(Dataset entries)
▼

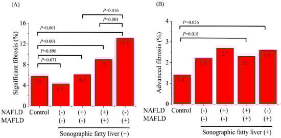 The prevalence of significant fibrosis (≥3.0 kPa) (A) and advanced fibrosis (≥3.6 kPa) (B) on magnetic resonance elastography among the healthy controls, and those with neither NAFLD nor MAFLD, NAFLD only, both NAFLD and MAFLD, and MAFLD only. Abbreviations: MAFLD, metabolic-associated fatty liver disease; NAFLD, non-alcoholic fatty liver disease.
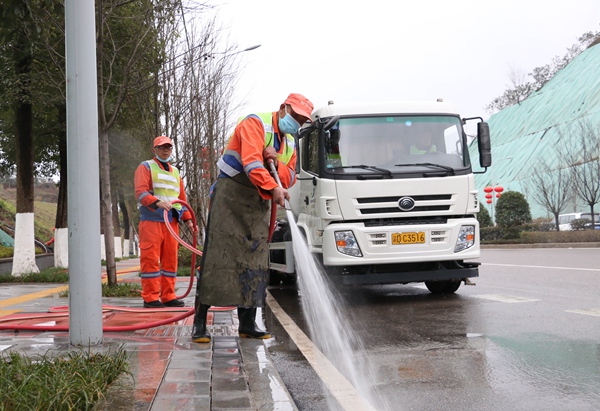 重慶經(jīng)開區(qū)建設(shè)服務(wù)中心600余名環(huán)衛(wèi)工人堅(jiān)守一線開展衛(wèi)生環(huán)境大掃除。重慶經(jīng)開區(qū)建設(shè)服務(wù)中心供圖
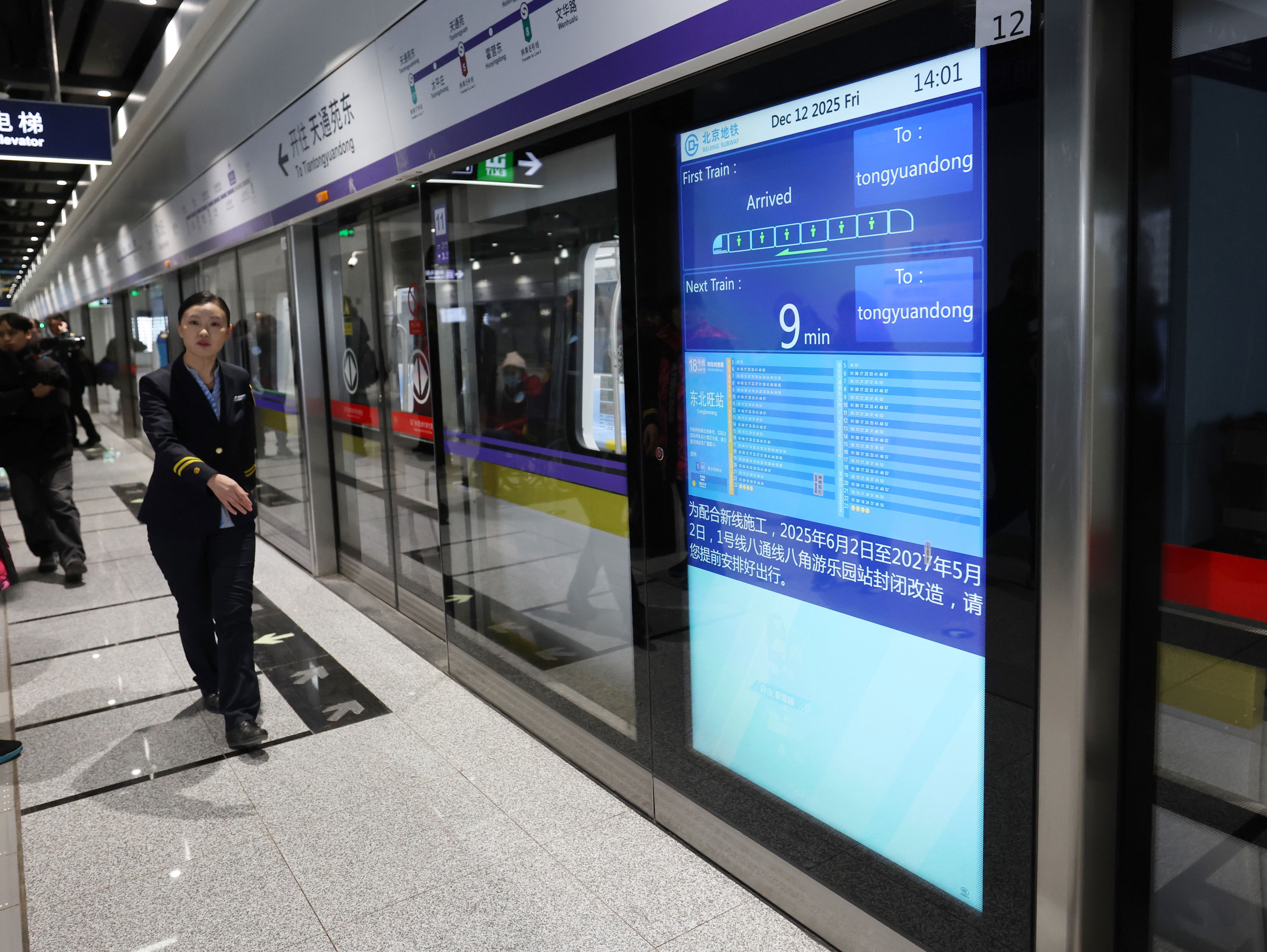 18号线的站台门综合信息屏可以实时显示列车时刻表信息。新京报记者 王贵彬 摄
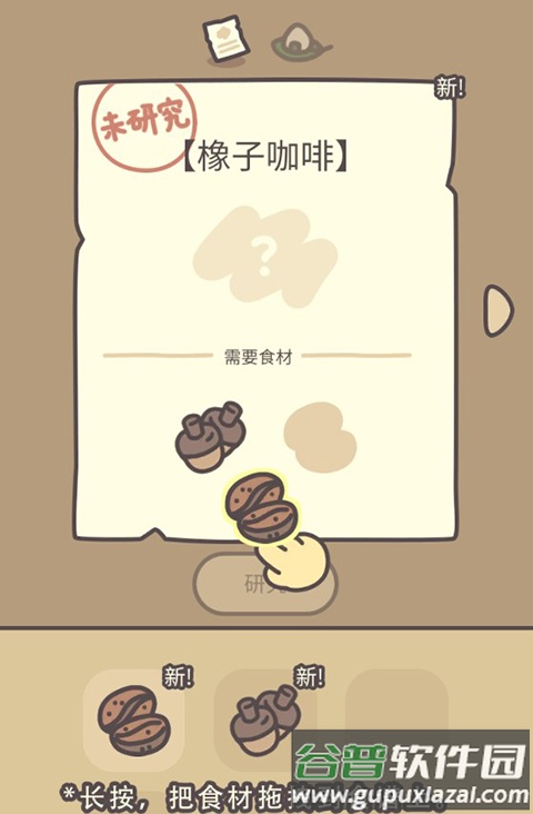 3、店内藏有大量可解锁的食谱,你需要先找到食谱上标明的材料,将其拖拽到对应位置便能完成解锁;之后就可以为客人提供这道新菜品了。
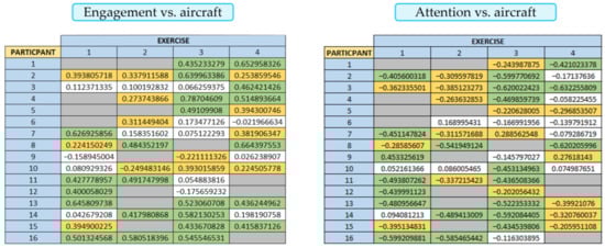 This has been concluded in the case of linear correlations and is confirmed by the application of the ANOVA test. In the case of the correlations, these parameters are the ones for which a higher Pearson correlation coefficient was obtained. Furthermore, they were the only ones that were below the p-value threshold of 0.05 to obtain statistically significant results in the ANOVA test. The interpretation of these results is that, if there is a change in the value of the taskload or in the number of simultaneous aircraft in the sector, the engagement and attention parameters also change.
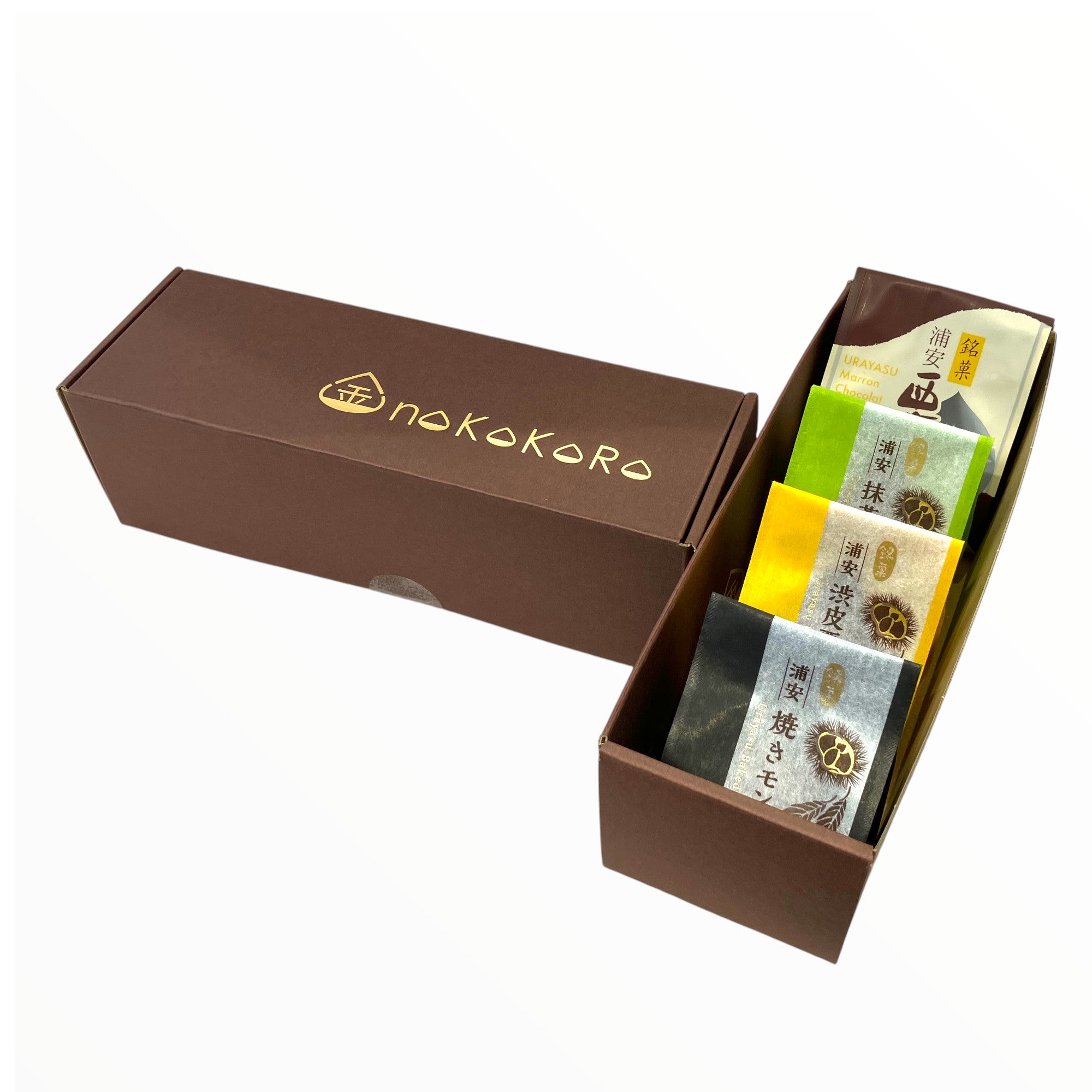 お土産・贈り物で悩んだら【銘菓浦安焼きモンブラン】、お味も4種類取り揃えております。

▲

Your task:
Give again, word for word, every line from the top of the data above to the line holding "3、店内藏有大量可解锁的食谱", inclusive, with the pictures left out.

Response to this task:
 The prevalence of significant fibrosis (≥3.0 kPa) (A) and advanced fibrosis (≥3.6 kPa) (B) on magnetic resonance elastography among the healthy controls, and those with neither NAFLD nor MAFLD, NAFLD only, both NAFLD and MAFLD, and MAFLD only. Abbreviations: MAFLD, metabolic-associated fatty liver disease; NAFLD, non-alcoholic fatty liver disease.
 重慶經(jīng)開區(qū)建設(shè)服務(wù)中心600余名環(huán)衛(wèi)工人堅(jiān)守一線開展衛(wèi)生環(huán)境大掃除。重慶經(jīng)開區(qū)建設(shè)服務(wù)中心供圖
 18号线的站台门综合信息屏可以实时显示列车时刻表信息。新京报记者 王贵彬 摄
 3、店内藏有大量可解锁的食谱,你需要先找到食谱上标明的材料,将其拖拽到对应位置便能完成解锁;之后就可以为客人提供这道新菜品了。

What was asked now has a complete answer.